RIXML is the metadata designed specifically to describe investment research and interactions. At a very high level, you can think of RIXML as the custom cataloging for investment research and interaction records. Just as libraries have developed a standardized way to describe the books, CDs, audiobooks and other print and electronic materials in their collections, the member firms of RIXML have worked together to determine how best to describe a wide variety of investment research, as well as the details of inter-firm interactions, to ensure that this content can be found by the investment professionals and systems looking for it.

For over 25 years, the RIXML Research Standard has been used across the industry to power the databases that investment professionals use to search for the research they need, create alerts, set up email subscriptions, and perform other tasks.


What about artificial intelligence?

The metadata in a RIXML record is designed to meet the needs of both the humans and the systems that will be using it, providing a description of the report it describes in the format required by the databases that power both traditional and generative search engines.

Artificial intelligence-powered tools have already brought significant changes to the ways that investment research is created, described, distributed, consumed, and analyzed, and the speed of additional changes is likely to increase. One thing that hasn't changed is the importance of structured data.
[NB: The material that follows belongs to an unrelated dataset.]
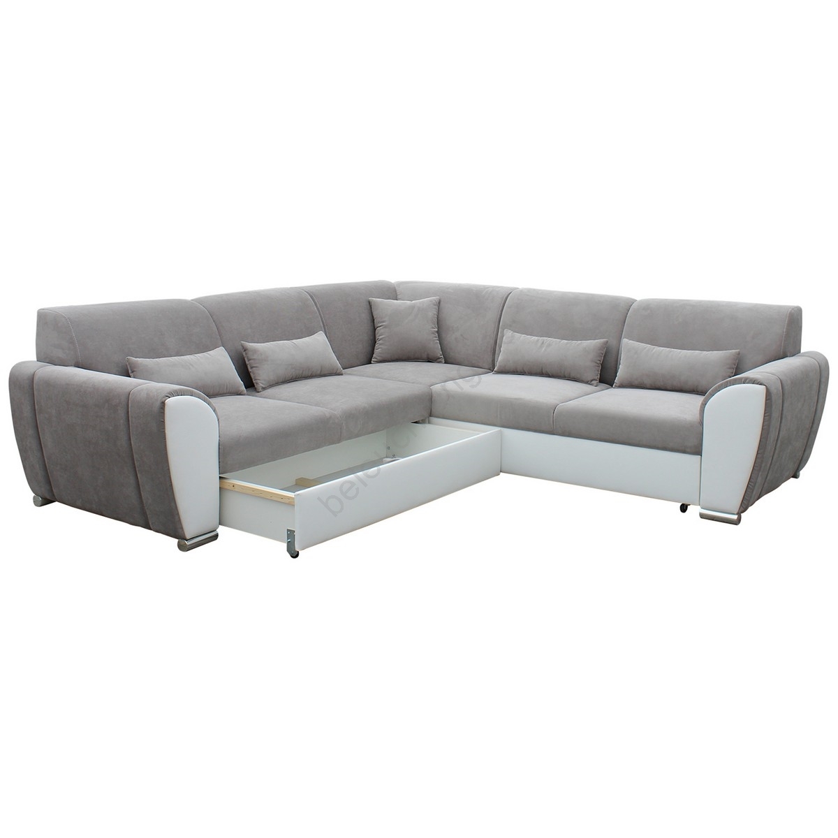 Ecksofa VISEU in L‑Form mit Schlaffunktion und Stauraum, links, grau/weiß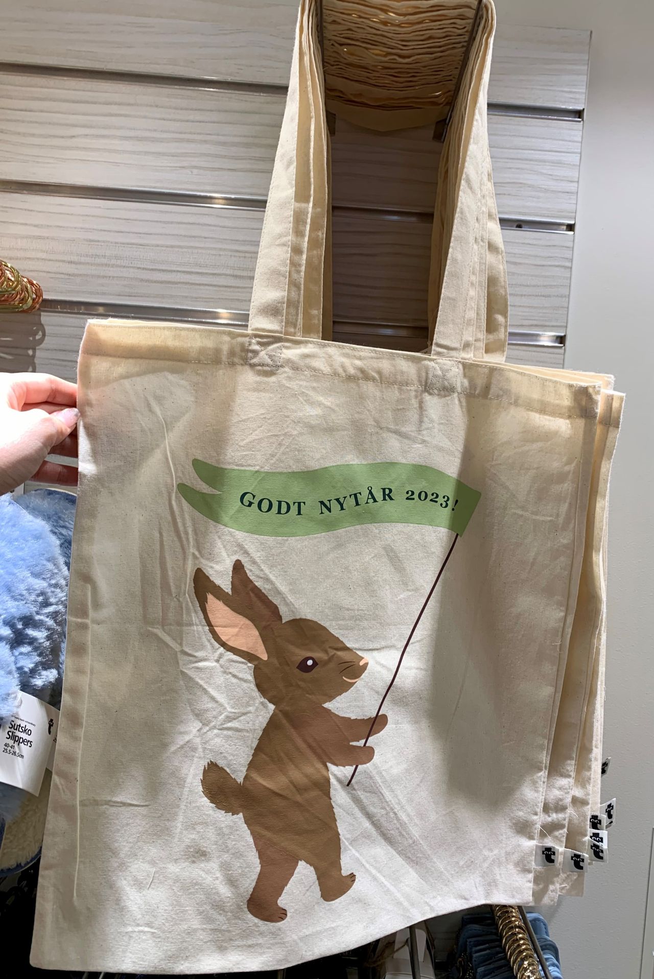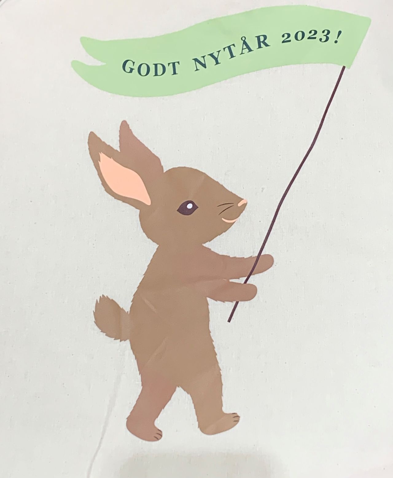 なんと言ってもウサギの優しいスマイルが魅力的(^▽^)/ ニューイヤートートとはいえ派手過ぎず、日常使いもしやすいデザインかと思います。ワッペンや缶バッジをつけてアレンジするのもGood◎ ウサギが持っている旗には、「GODT NYTÅR」という言葉が…!「あけましておめでとう」を意味するデンマーク語です(⌒∇⌒)

In fact, the reason that artificial intelligence-powered content analysis tools need high-quality metadata is similar to the reason that the tools that power traditional searching, filtering, and alerting need it: accuracy and efficiency!

How?

The example below compares how a generative search tool that leverages RIXML metadata versus one that does not would identify the relevant research needed to answer the prompt, “Summarize the key reasons for the recent upgrades to Acme Company’s earnings estimates.”:

As you can see, both options will result in an answer. However, using RIXML metadata will:

  • improve accuracy by ensuring that the right input content is used
  • improve efficiency by speeding up the process for finding the content needed to answer the requester's question


What metadata is in the RIXML standards?

The metadata in a RIXML record is designed to meet the needs of both the humans and the systems that will be using it, and includes tagging that identifies the content of the report, the copyright and other administrative information, and workflow tagging that facilitates content management and recordkeeping.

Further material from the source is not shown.